As for the loop itself, yes you do have a problem.
You''ll, be much better off using iterators rather than a loop counter. Iterators are the equivalent of pointers for STL containers. And they are meant, well, to iterate through a container


std::vector<Bullet*>::iterator itor = m_Bullets.begin()

while( itor != m_Bullets.end() )
{
float x, y;
(*itor)->GetPosition(&x,&y);
if(m_EnemyManager->CheckBulletCOllision(x,y))
{
(*itor)->Shutdown(); // Unnecessary with a proper destructor.
delete *itor;
m_NumberOfActiveBullets--;

// erase will correctly advance the iterator
itor = m_Bullets.erase(itor);
}
else ++itor;
}


Using the return value from erase ensures you are only checking each element in the vector once, regardless of what happens to their indices when one of them is deleted.
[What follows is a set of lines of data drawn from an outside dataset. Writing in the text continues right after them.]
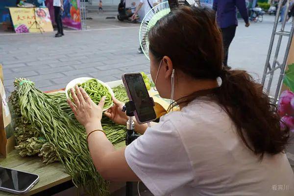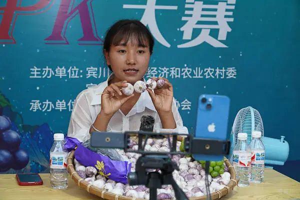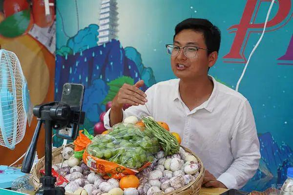 在全民健身中心旁直播带货大赛现场,进入决赛的主播团队激情澎湃、妙语连珠,借助巧妙的设计、生动的语言,对贡菜、葡萄、大蒜等农特产品进行全面展示和推介。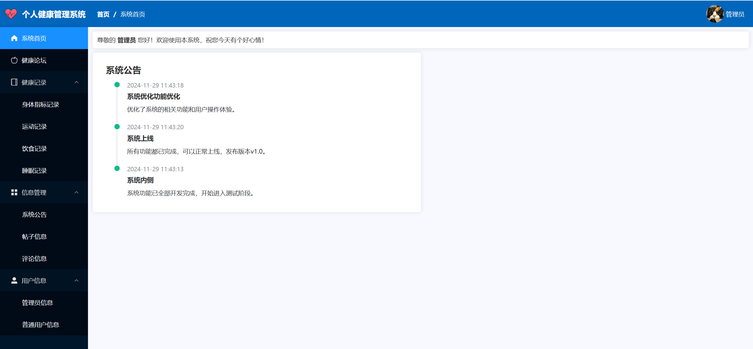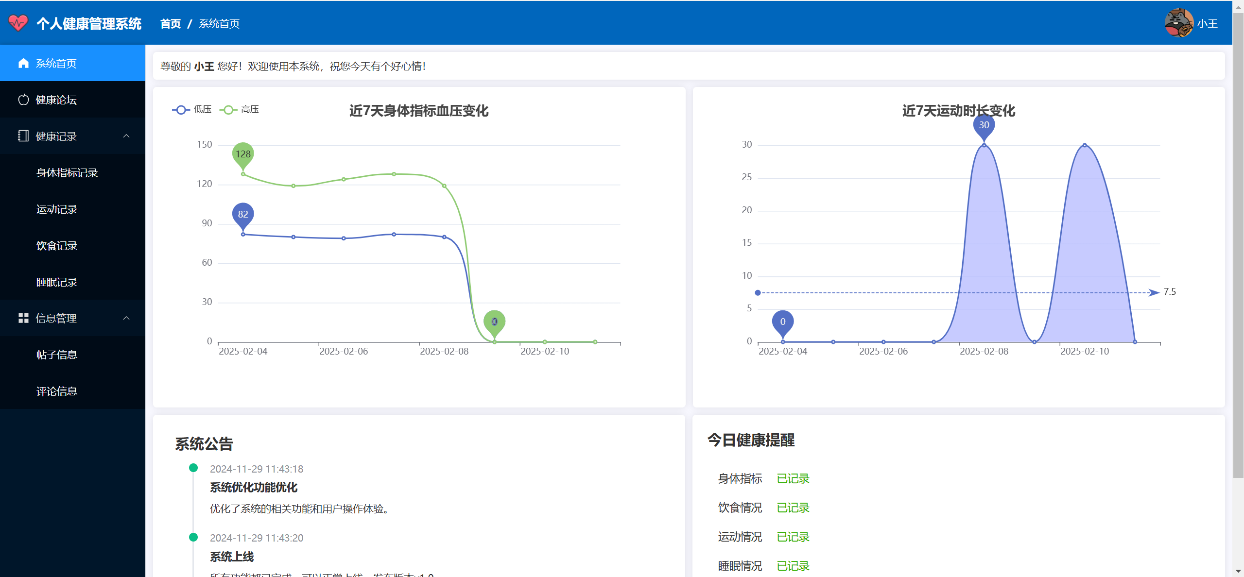 系统首页:健康指标数据统计、查看系统公告、每日健康提醒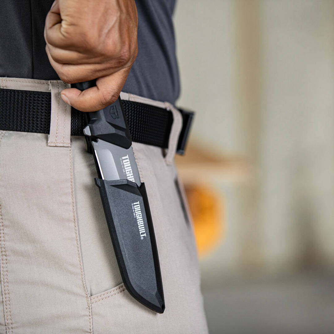 ToughBuilt TB-H4S-40-TMK-2 to nóż z ostrzem o długości 10,1cm wraz z osłoną. Ostrze wykonane jest z wysokiej jakości stali nierdzewnej, która została pokryta warstwą tytanu w celu zwiększenia wytrzymałości oraz żywotności samego ostrza. Nóż posiada ergonomiczny uchwyt, wykonany z tworzywa, który jest miękki w dotyku. Takie parametry sprawiają, że noż pewnie leży w dłoni. Osłona ostrza wykonana jest z tworzywa sztucznego i posiada zintegrowany hak do powieszenia noża na pasie narzędziowym bądź ścianie grodziowej w torbach transportowych. Konstrukcja uchwytu pozwala na zamocowanie smyczy, sznurka, bądź małego karabińczyka.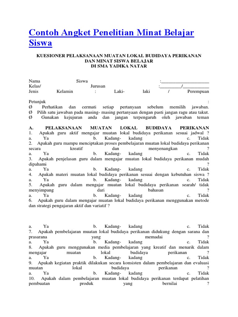 Contoh Angket Dalam Sosiologi - Simak Gambar Berikut via superfighters.website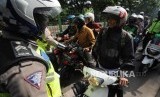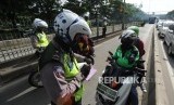Kepolisian melakukan penindakan kepada kendaraan roda dua yang melanggar peraturan dengan menggunakan jalur TransJakarta.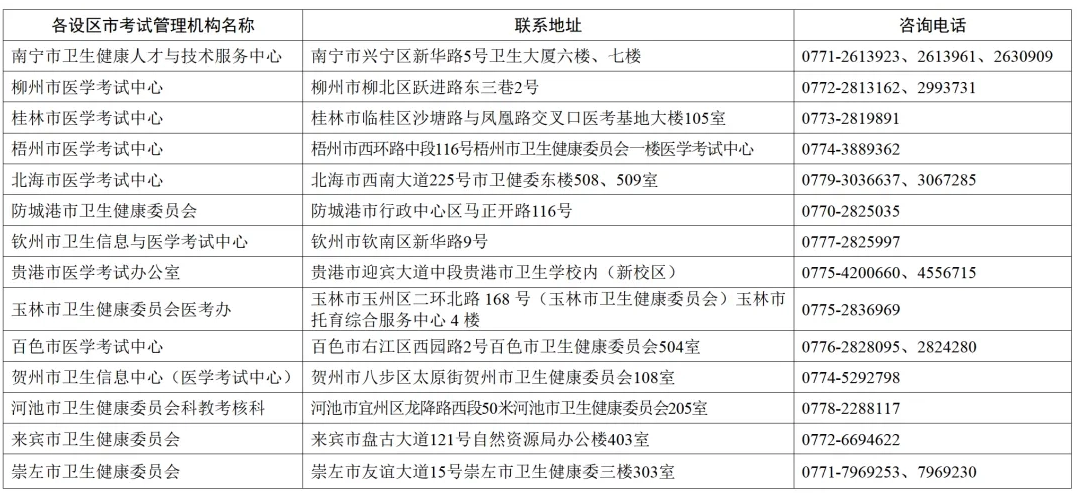 广西考区各设区市考试管理机构联系地址及咨询电话见附件2,各考生前往现场确认前请务必与所在设区市考试管理机构联系。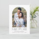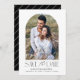 Meddela din bröllop-dejt i stil med vår moderna fotofilm spara datumet. Datumkortets enkla sparande innehåller förlovningens foto i ett vitt fack ram. "Spara datumet" visas i svart modern serif- och script-typsnitt. Anpassa framsidan av datumet för att spara datumet genom att lägga till namn, datum för bröllop och plats för bröllop. Kortet återgår till visning ett svartvitt rand mönster.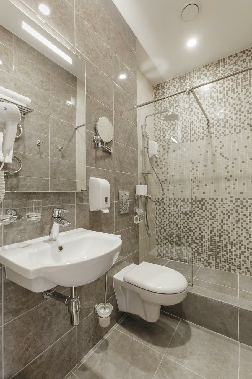 По мне так — классная гостиница, за свою цену, очень даже хорошая, проблемка только в номере, который я выбрала для проживания, но всего одна ночь, поэтому не критично. Номер бюджетный, без окна. Даже одну ночь, я чувствовала себя в нем как в пещере с евроремонтом, да, все в номере есть, и кровати удобные, и холодильник , и чайник с мин.набором (чай,кофе, сахар), 2 бутылочки воды. Душевая чистая, комфортная, правда однор.наборов не было (Щётка, паста), но наклейка есть на стене, что если это надо, то можно обратиться на ресепшн… Завтрак вкусный, выбор большой (фото прилагаю).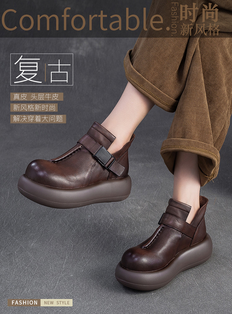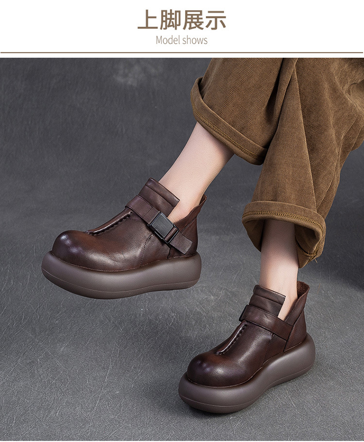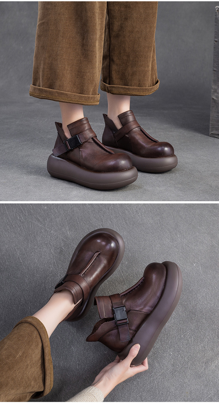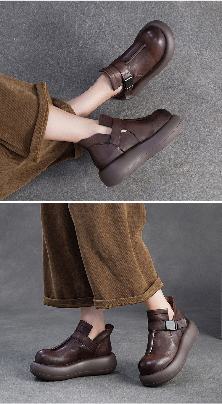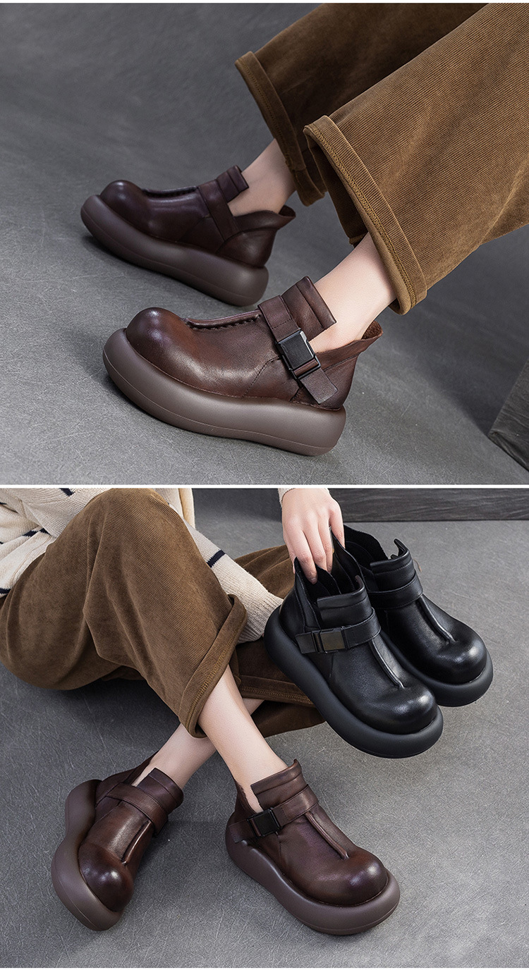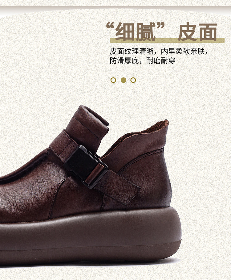 Giày bốt cổ thấp kiểu dáng thư giãn, phong cách cổ điển dành cho nữ. Sản phẩm làm từ chất da bò mềm mại, bền đẹp. Đế giày được thiết kế tinh tế giúp tăng chiều cao nhẹ nhàng, phù hợp cho nhiều dịp sử dụng. Kiểu dáng mang hơi hướng Anh quốc, dễ dàng kết hợp với nhiều loại trang phục khác nhau như quần jeans hay váy. Bạn có thể dùng hàng ngày, lau sạch bụi bám trên bề mặt da để giữ giày luôn sạch đẹp. | Tên sản phẩm: Giày Boot Cổ Thấp Nữ Chất Liệu Da Bò Tăng Chiều Cao Hàng Mùa Xuân Thu Đông Phục Cổ Cổ Điển - Giày Dép Nữ | Mã sản phẩm: B2236 - Giá: 1.620.000đ | Mã nhà sản xuất: SHDU-G05Hình ảnh sản phẩm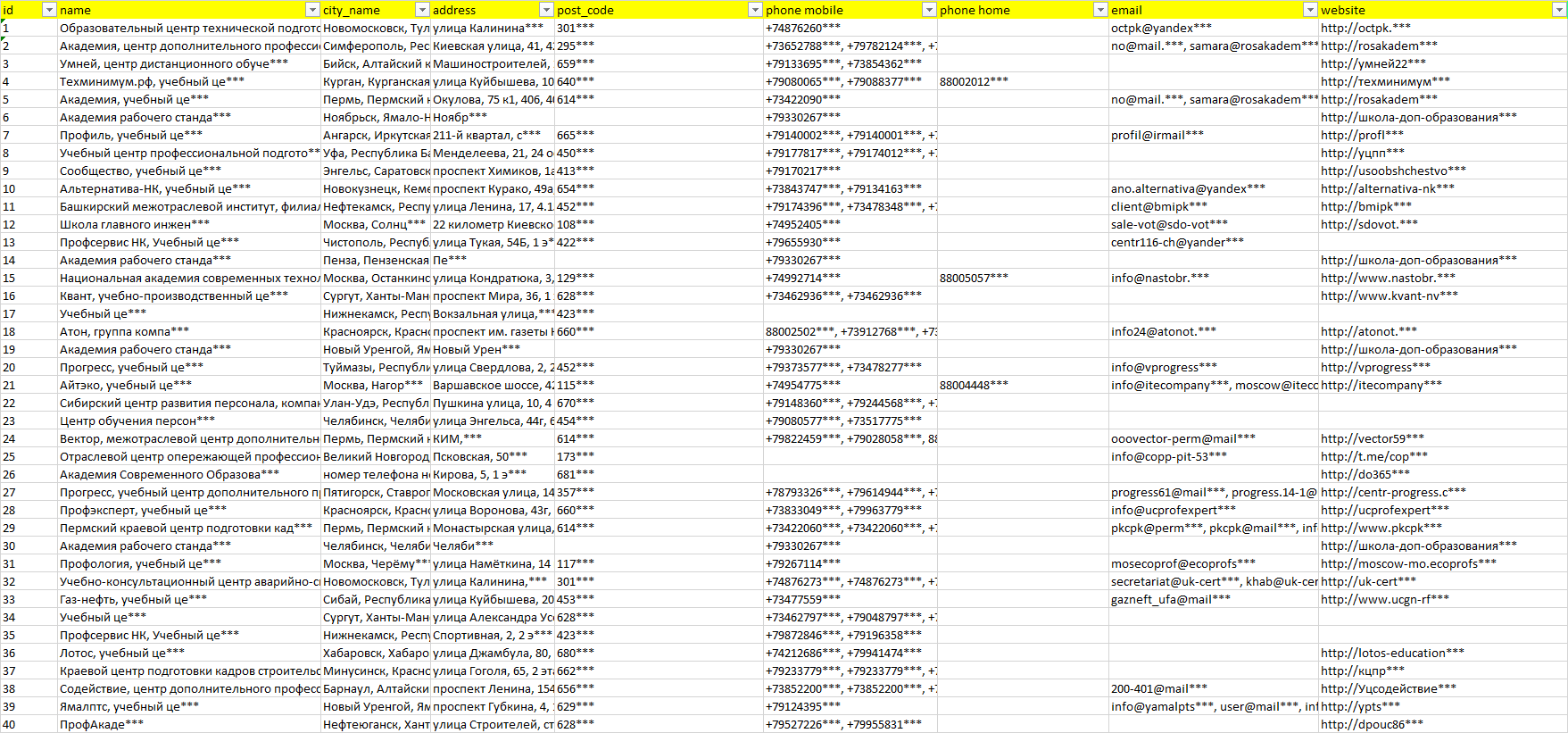 База компаний обучение по промышленной безопасности, вся РФ в формате Excel с эл. почтами, телефонами, сайтами, ссылками на соц сети, координатами и другой информацией. Скачайте демо версию, чтобы ознакомиться с данными.
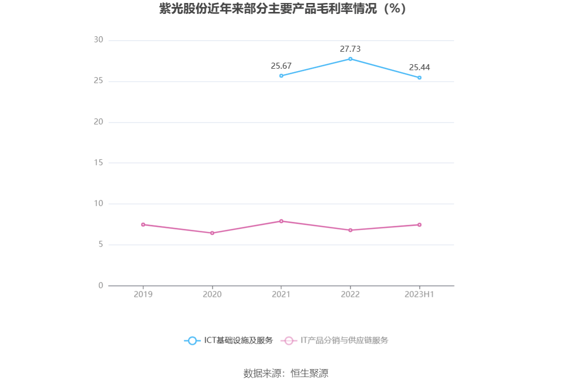 分产品看,ICT基础设施及服务、IT产品分销与供应链服务2023年上半年毛利率分别为25.44%、7.46%。
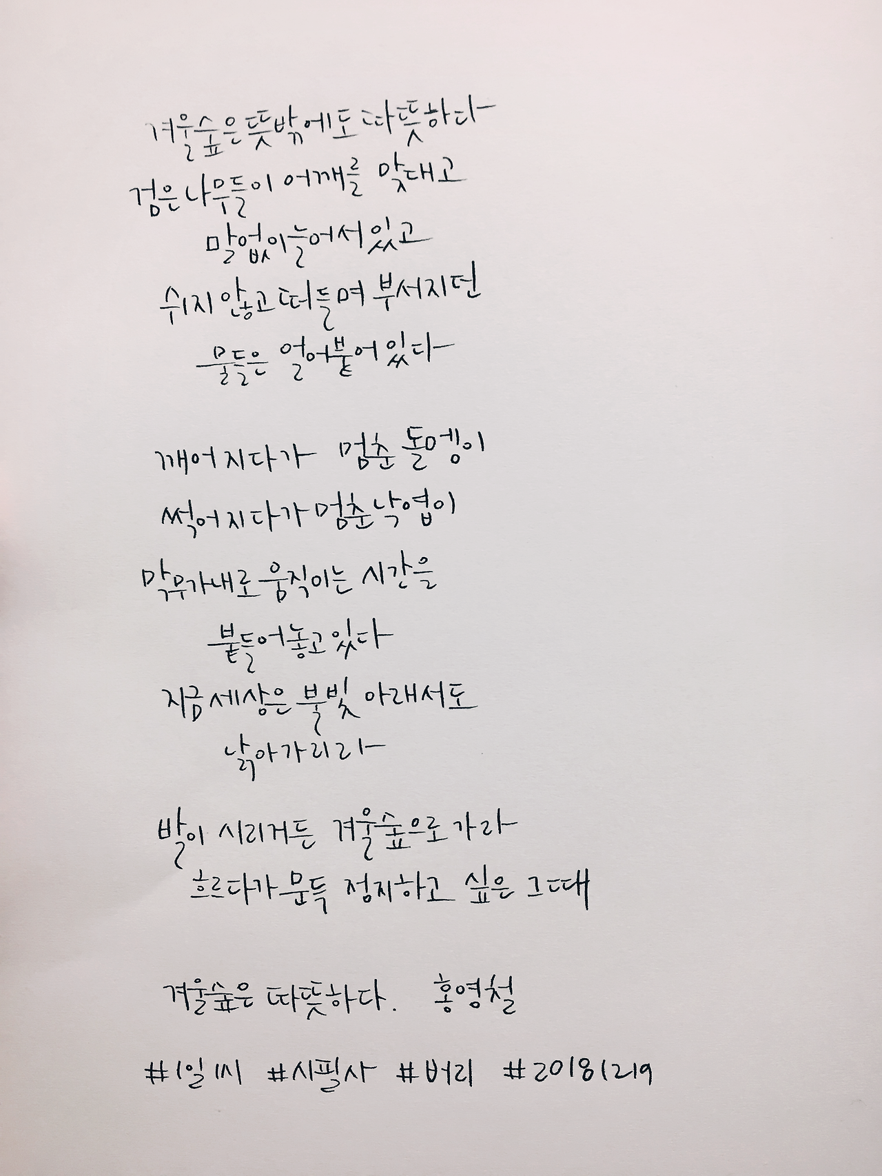 겨울 숲은 따뜻하다 / 홍영철겨울 숲은 뜻밖에도 따뜻하다검은 나무들이 어깨를 맞대고 말없이 늘어서 있고쉬지 않고 떠들며 부서지던 물들은 얼어붙어 있다깨어지다가 멈춘 돌멩이썩어지다가 멈춘 낙엽이막무가내로 움직이는 시간을 붙들어놓고 있다지금 세상은 불빛 아래에서도 낡아가리라발이 시리거든 겨울 숲으로 가라흐르다가 문득 정지하고 싶은 그때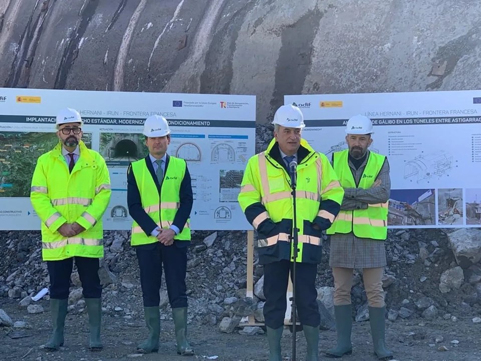 En su visita institucional a las obras del túnel de Gaintxurizketa destaca la inversión de 52,9 millones de euros, para adaptar el trazado actual de ancho ibérico a las circulaciones de alta velocidad en ancho internacional. Una obra de medio kilómetro se está utilizando una máquina escudo que, por primera vez en Europa, compatibiliza las obras y el tránsito de las circulaciones ferroviarias en vía única.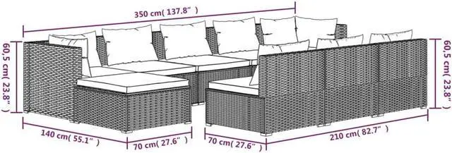 - Dimensions of each middle sofa: 27.6" x 27.6" x 23.8" (L x W x H)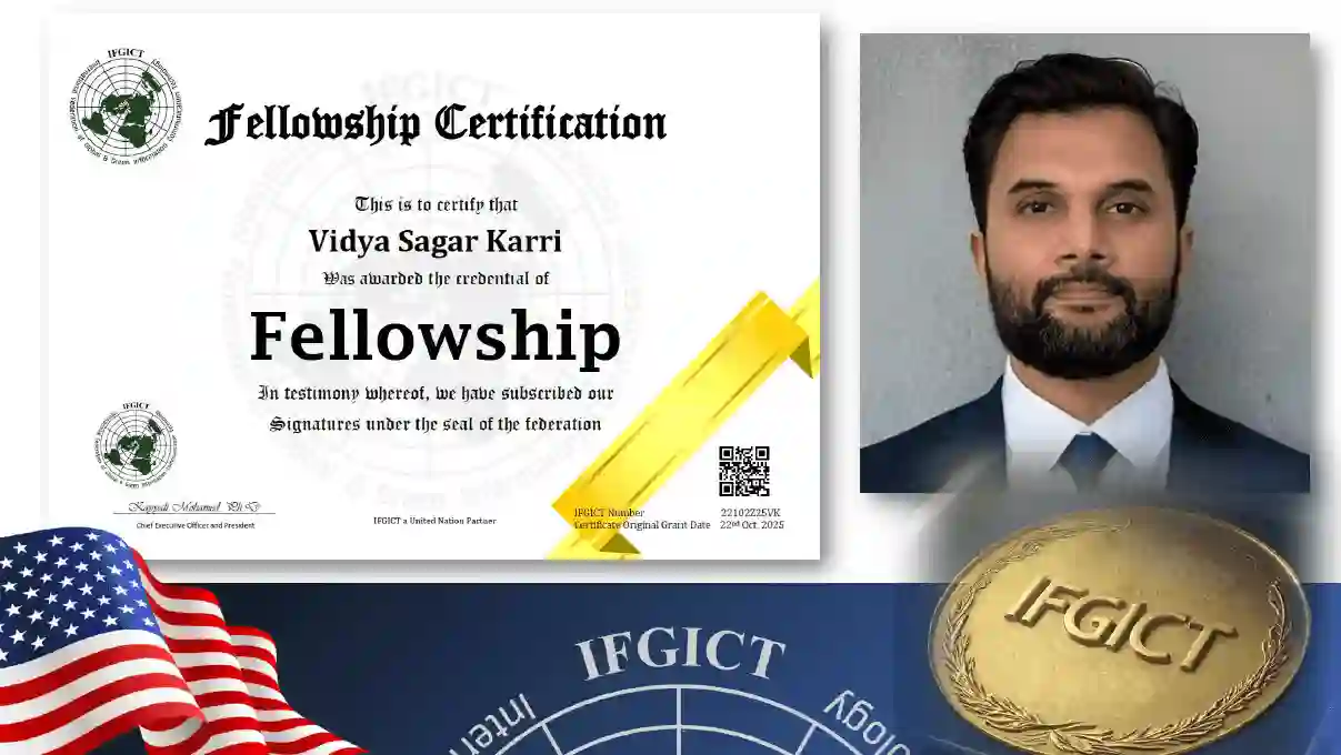 Vidya Sagar Karri, a distinguished technology expert and visionary leader, has officially been granted the IFGICT Fellowship grade. This highest professional honor from the International Federation of Global & Green ICT recognizes Karri’s sustained excellence and significant contributions to the Information and Communication Technology (ICT) sector. Following a rigorous review by the Fellowship Committee and Board of Directors, Karri now joins an exclusive global community of innovators dedicated to advancing sustainable digital growth.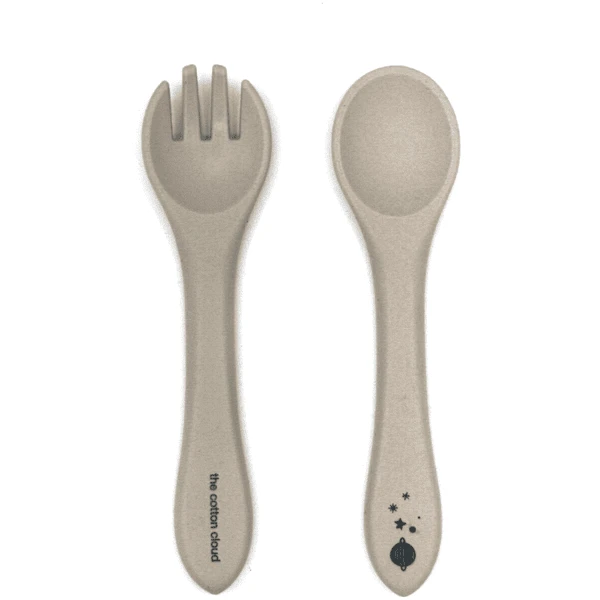 Das Set besteht aus einer Gabel mit weichen, abgerundeten Zacken und einem

And since a vector "knows" how many elements it contains, there should be no need for you to keep track of the number of active bullets : it''s simply m_Bullets.size();

Be warned though that, a vector is not the ideal data structure for the current task. Removing elements in the middle of a vector is expensive : as others mentioned, all the following elements must be shifted one place. A linked list would work better and, unless I am mistaken (which I could be), the code above would work with a std::list without modification (beside telling it to use ''list'' instead of ''vector'').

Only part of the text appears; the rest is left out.